Without the pictures, write the listing below out again, line for line.

***** Information *****

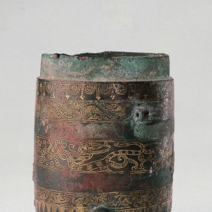 十六国时期·前凉高11.7厘米,口径7.9厘米,重0.682千克1966年本馆征集体呈圆形竹筒状,下有三马蹄状短足,器外壁饰金错龙虎纹。依据器形分析,此器原应有盖,现已遗失。器底有金错铭文四十七字。刻款中有器名、制造地点、制造时间、政府部门、监工官员、错金匠以及铸造匠的名字。据刻款可知,这件筒形器是用来盛装封泥的。在我国古代,封泥是用来封箴那些 ...
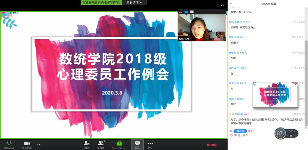 数统学院召开本学期第一次心理委员线上工作例会
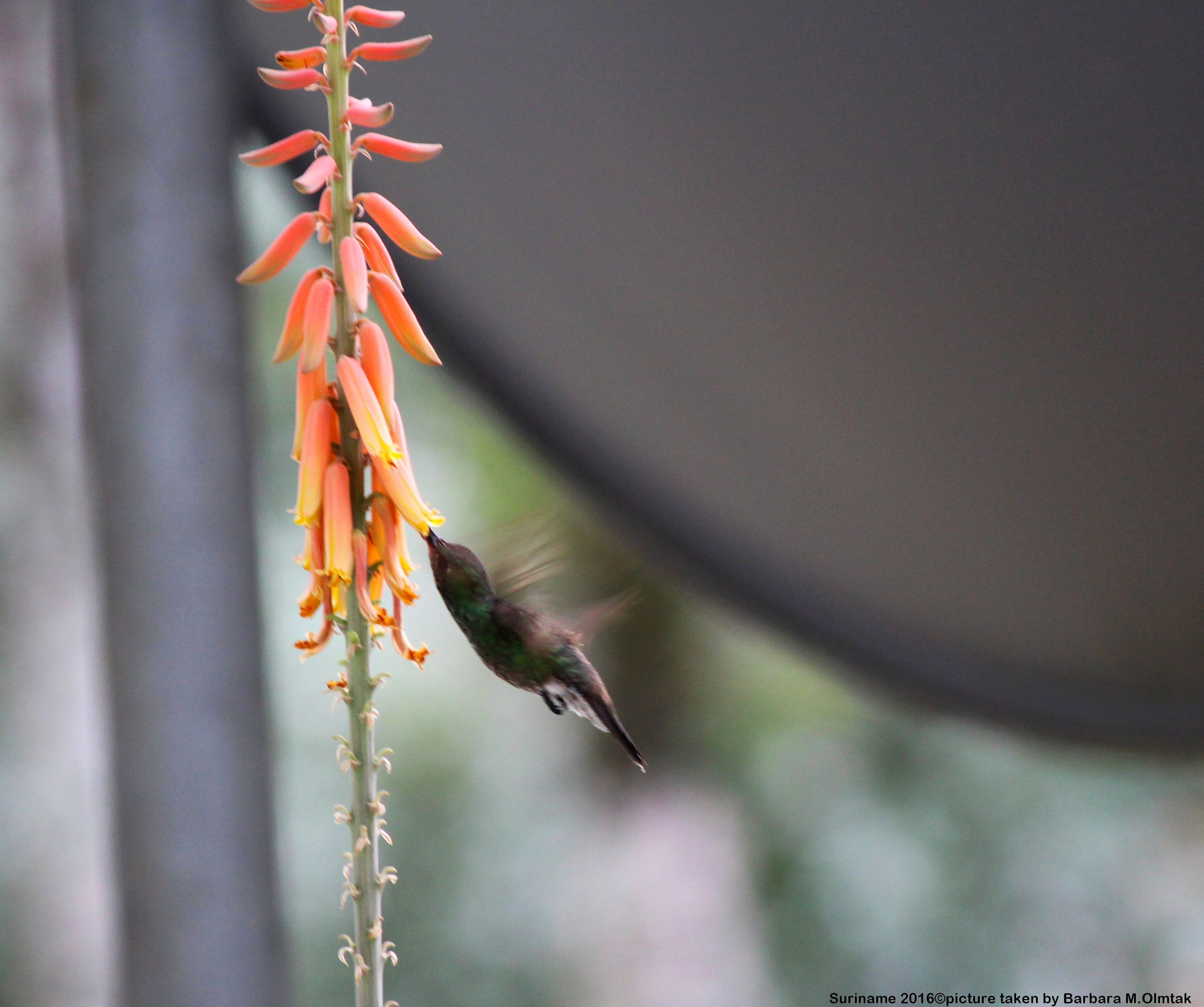 Took the picture in my native country Suriname. Love these tiny, beautiful hummers.
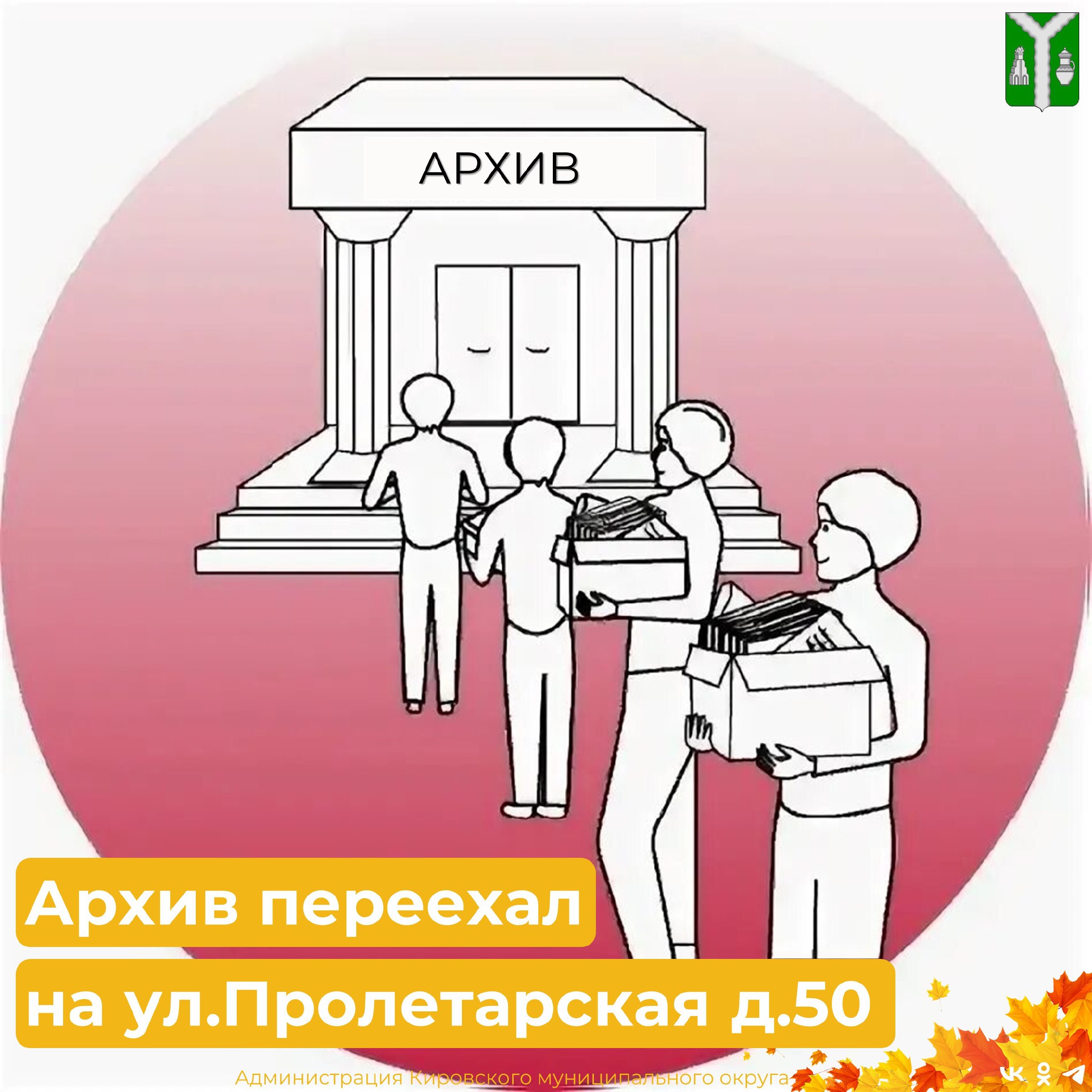 Уважаемые кировчане! Сообщаем, что архивный отдел теперь находится по адресу: ул.Пролетарская, 50 (вход со стороны МКЦ).
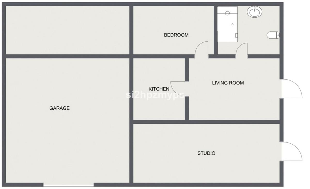 Hier vindt u een grote garage met ruimte voor twee auto's, een studio met douche en toilet en een keuken. Direct naast de studio bevindt zich nog een apart appartement met een slaapkamer, badkamer en keuken. Via de garage leidt een trap naar de bovenverdieping en de hoofdwoning, die ook bereikbaar is via de hoofdingang aan de andere kant van het huis.
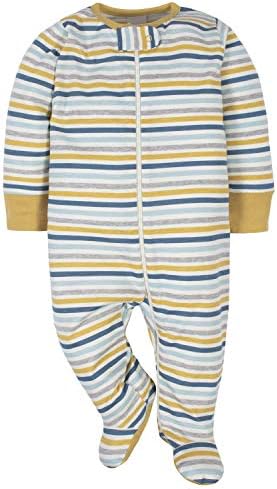 Includes four (4) long-sleeve Gerber sleep n' plays Front zippers with safety tabs for easier changes Keeps your baby comfortable as they rest or romp Machine wash, tumble dry Art details: Screenprint
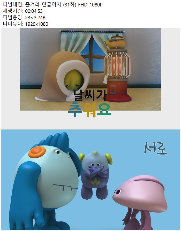 즐겨라 한글이지 (31화) FHD 1080P.mp4 235.3 M MP4 00:04:53 1920x1080
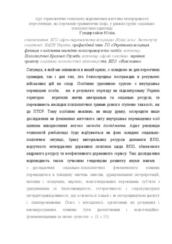 - Гундертайло, Юлія Данилівна (orcid.org/0000-0001-6959-663X) (2018) Art-therapeutic technologies for restoring the life continuity of immigrants who survived traumatic events within the group of socio-psychological adaptation In: Psychological assistance to the individual in difficult circumstances of life: a collection. theses of the reports of the All-Ukrainian scientific-practical seminar "Psychological assistance to the individual in difficult circumstances of life" . ЧНУ ім. Ю. Федьковича, м. Чернівці, Україна, pp. 124-127.
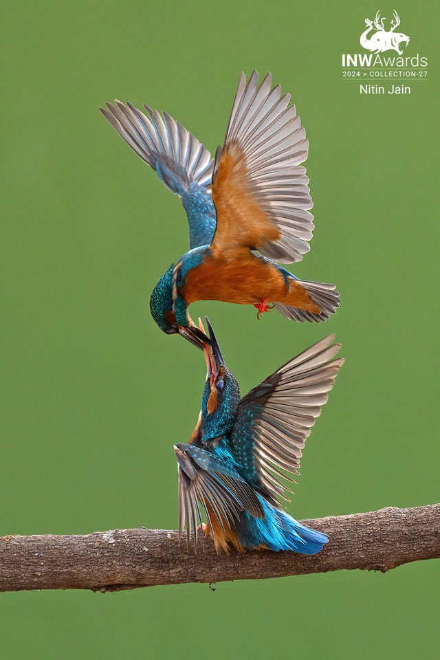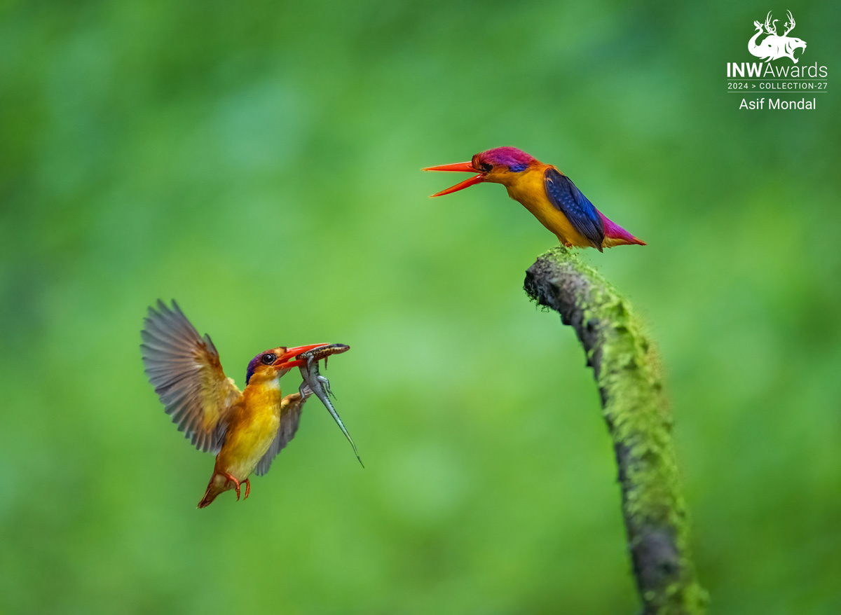 Captured at Karnala Bird Sanctuary in Mumbai, Maharashtra, this vibrant image depicts a pair of Black-backed dwarf kingfishers engaged in a feeding frenzy. The shot was taken on 29th of august 2024, during a morning visit to the sanctuary. A pair of Black-backed dwarf kingfishers, with their plumage a dazzling array of blues, oranges, and reds, were perched on a moss-covered branch. One of the birds, wings outstretched, was diving towards the moss-covered branch , its beak filled with a fresh lizard kill. The entire scene unfolded in a split second, a testament to the incredible speed and agility of these fascinating creatures. This moment of nature's raw beauty was a highlight of my visit to Karnala Bird Sanctuary. It serves as a reminder of the incredible diversity and wonder of the natural world.
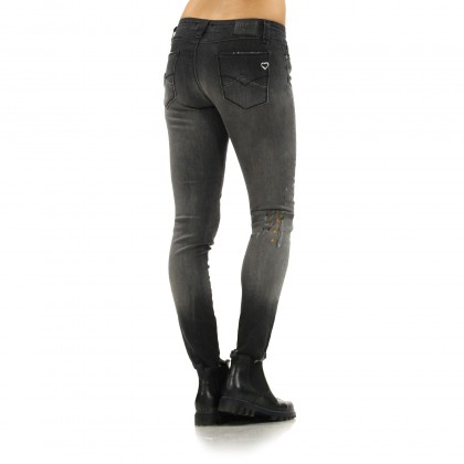 Дамски дънки Please предлагат отличен избор за ежедневието и свободното време. Моделът е със slim fit дизайн, следващ извивките на тялото. Дизайнът е с ниска талия, закопчава се с копче и цип. Добавените ефекти на избеляла тъкан, прокъсани участъци и „изцапване“ с боя, както и „отрязаните“ крачоли, придават небрежен вид на дънките. Комбинират се отлично с дрехи и обувки в спортен и спортно-елегантен стил.
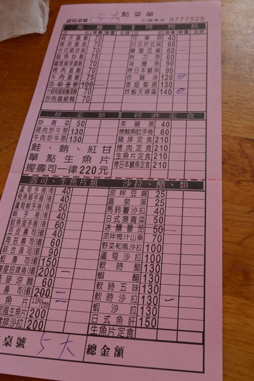 生魚片$220、握壽司 $220。
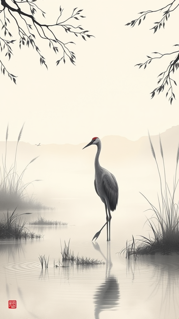 A solitary crane stands gracefully amidst a mist-shrouded marsh, its elegant form captured in the subtle gradients of ink wash painting. The delicate interplay of light and shadow highlights the serenity of early dawn, with soft silhouettes of distant reeds and willow branches framing the scene. The gentle ripples on the water mirror the calm sky, as a faint breeze stirs the tranquility, evoking a sense of timelessness and introspection in the tranquil landscape.

*****

== Task solution ==
 十六国时期·前凉高11.7厘米,口径7.9厘米,重0.682千克1966年本馆征集体呈圆形竹筒状,下有三马蹄状短足,器外壁饰金错龙虎纹。依据器形分析,此器原应有盖,现已遗失。器底有金错铭文四十七字。刻款中有器名、制造地点、制造时间、政府部门、监工官员、错金匠以及铸造匠的名字。据刻款可知,这件筒形器是用来盛装封泥的。在我国古代,封泥是用来封箴那些 ...
 数统学院召开本学期第一次心理委员线上工作例会
 Took the picture in my native country Suriname. Love these tiny, beautiful hummers.
 Уважаемые кировчане! Сообщаем, что архивный отдел теперь находится по адресу: ул.Пролетарская, 50 (вход со стороны МКЦ).
 Hier vindt u een grote garage met ruimte voor twee auto's, een studio met douche en toilet en een keuken. Direct naast de studio bevindt zich nog een apart appartement met een slaapkamer, badkamer en keuken. Via de garage leidt een trap naar de bovenverdieping en de hoofdwoning, die ook bereikbaar is via de hoofdingang aan de andere kant van het huis.
 Includes four (4) long-sleeve Gerber sleep n' plays Front zippers with safety tabs for easier changes Keeps your baby comfortable as they rest or romp Machine wash, tumble dry Art details: Screenprint
 즐겨라 한글이지 (31화) FHD 1080P.mp4 235.3 M MP4 00:04:53 1920x1080
 - Гундертайло, Юлія Данилівна (orcid.org/0000-0001-6959-663X) (2018) Art-therapeutic technologies for restoring the life continuity of immigrants who survived traumatic events within the group of socio-psychological adaptation In: Psychological assistance to the individual in difficult circumstances of life: a collection. theses of the reports of the All-Ukrainian scientific-practical seminar "Psychological assistance to the individual in difficult circumstances of life" . ЧНУ ім. Ю. Федьковича, м. Чернівці, Україна, pp. 124-127.
 Captured at Karnala Bird Sanctuary in Mumbai, Maharashtra, this vibrant image depicts a pair of Black-backed dwarf kingfishers engaged in a feeding frenzy. The shot was taken on 29th of august 2024, during a morning visit to the sanctuary. A pair of Black-backed dwarf kingfishers, with their plumage a dazzling array of blues, oranges, and reds, were perched on a moss-covered branch. One of the birds, wings outstretched, was diving towards the moss-covered branch , its beak filled with a fresh lizard kill. The entire scene unfolded in a split second, a testament to the incredible speed and agility of these fascinating creatures. This moment of nature's raw beauty was a highlight of my visit to Karnala Bird Sanctuary. It serves as a reminder of the incredible diversity and wonder of the natural world.
 Дамски дънки Please предлагат отличен избор за ежедневието и свободното време. Моделът е със slim fit дизайн, следващ извивките на тялото. Дизайнът е с ниска талия, закопчава се с копче и цип. Добавените ефекти на избеляла тъкан, прокъсани участъци и „изцапване“ с боя, както и „отрязаните“ крачоли, придават небрежен вид на дънките. Комбинират се отлично с дрехи и обувки в спортен и спортно-елегантен стил.
 生魚片$220、握壽司 $220。
 A solitary crane stands gracefully amidst a mist-shrouded marsh, its elegant form captured in the subtle gradients of ink wash painting. The delicate interplay of light and shadow highlights the serenity of early dawn, with soft silhouettes of distant reeds and willow branches framing the scene. The gentle ripples on the water mirror the calm sky, as a faint breeze stirs the tranquility, evoking a sense of timelessness and introspection in the tranquil landscape.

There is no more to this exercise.